6. The next document is Exhibit N, a plaint in a suit between Kuldip Narain and Ramdhari. The suit was in respect of a piece of land in Chak Jalal. The suit was compromised and nowhere was there any suggestion made that Kuldip Narain was a, Faizidar of Ram Narain or that Ram Narain had anything to do with the Mouza.
7. The next document to which I will refer is a judgment in a. suit brought by Kuldip against one Bindeswari Prosad, who was the proprietor of a neighbouring Mouza, for a certain piece of land which Kuldip Narain claimed as a part of Chak Jalal. In that suit one of the issues was whether the plaintiff was a benamidar of Ram Narain Sahu and after going into the evidence very fully the Subordinate Judge, who heard the suit, found that Kuldip Narain was not the benamidar of Ram Narain,
8. This then was the evidence on which Ram Sunder relied, and on these documents it is difficult to understand what other conclusion he could have arrived at than that Kuldip Narain was the real settlement holder. I fail also to understand what more he could have done to ascertain that the transferor had power to make the transfer. The learned Subordinate Judge has said that as Badri Narain has not been examined, he has no materials to decide whether the papers which were read over to Ram Sunder were sufficient to lead a reasonable man to be satisfied with what they embodied. But, as I have already pointed out, these documents are on the record and they are, in my opinion, more than sufficient to satisfy any reasonable man that Ram Narain had nothing to do with the Chak Jalal estate. The learned Subordinate Judge seems to think that Ram Sunder Sahu should have insisted on the production of the original sale-certificate by which Kuldip Narain purchased. But there was Very little object in this because this was a temporarily settled estate. The sale-certificate merely transferred the right, title and interest' of the remainder of the' temporary settlement and Ram Sunder was perfectly justified in relying on the terms of the settlement which was running at the time when he made the purchase, and this he knew was in the name of Kuldip Narain. It appears then that up till the time when Ram Sunder applied for registration of his name, Ram Narain had never suggested that he was the real owner and in fact had on oath specifically denied his connection with the Mouza. Under these circumstances, I am satisfied that whether Kuldip Narain 'was the Faizidar of Ram Narain or not, Ram Sunder made all reasonable inquiries and acted in good faith. For the above reasons therefore, I would set aside the decree of the learned Subordinate Judge and would decree this appeal with costs.
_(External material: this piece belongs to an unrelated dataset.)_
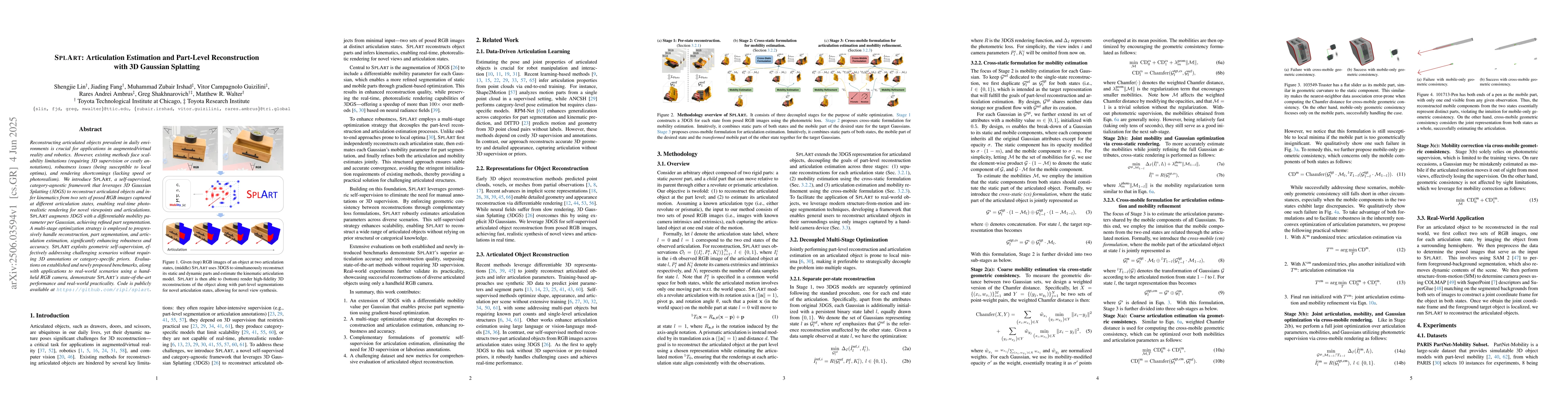 SplArt is a self-supervised, category-agnostic framework that uses 3D Gaussian Splatting (3DGS) to reconstruct articulated objects and infer kinematics from two sets of posed RGB images at different articulation states. It introduces a differentiable mobility parameter per Gaussian for refined part segmentation and employs a multi-stage optimization strategy for reconstruction, part segmentation, and articulation estimation.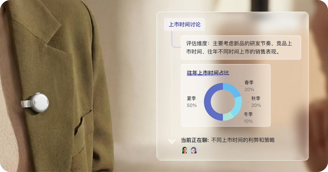 产品由安克团队负责硬件设计与制造,飞书提供完整的软件体系与 AI 录音、转写和纪要服务,从一开始就以“录音 + 理解 + 沉淀”为完整目标进行设计。

9. In conclusion I would note that Ram Narain has committed gross perjury. In his examination on oath before the Sub Deputy Collector Babu Suresh Chander' Deb on 1st October 1910 be stated that "Village Chak Adam is in the name of Gobind Shah. No other milkiat excepting the village, in dispute stands in other's name as benami" Again in his statement before the Munsif of Hajipur on 16th March 1911 he stated: " Mouzi Chak Jalal Diara formerly belonged to me. It was sold for arrears of Government revenue. Kuldip Karain is in possession of the Mouza as auction-purchaser, since it was sold for arrears of Government revenue. I can swear that I have no concern with the present settlement of the Mouza." In the present suit Ram Narain has stated on oath before the Subordinate Judge on 22nd January 1917: " Chak Jalal was sold for arrears of revenue in 1896. It was I who purchased it. It was in the name of my servant Kuldip Narain that I purchased." It is impossible to reconcile these statements and I would direct that he be called on to show cause why he should not be prosecuted for perjury.
Roe, J.
10. I entirely agree that the plaintiff has no present title in this estate and that, therefore, he is not entitled to a decree under the Specific Relief Act.
11. I also agree that the plaintiff should be prosecuted for perjury. Let notice be issued to him to show cause why a direction for his prosecution should not be made under Section 476, Criminal Procedure Code. The 6th of January nest may be fixed for hearing.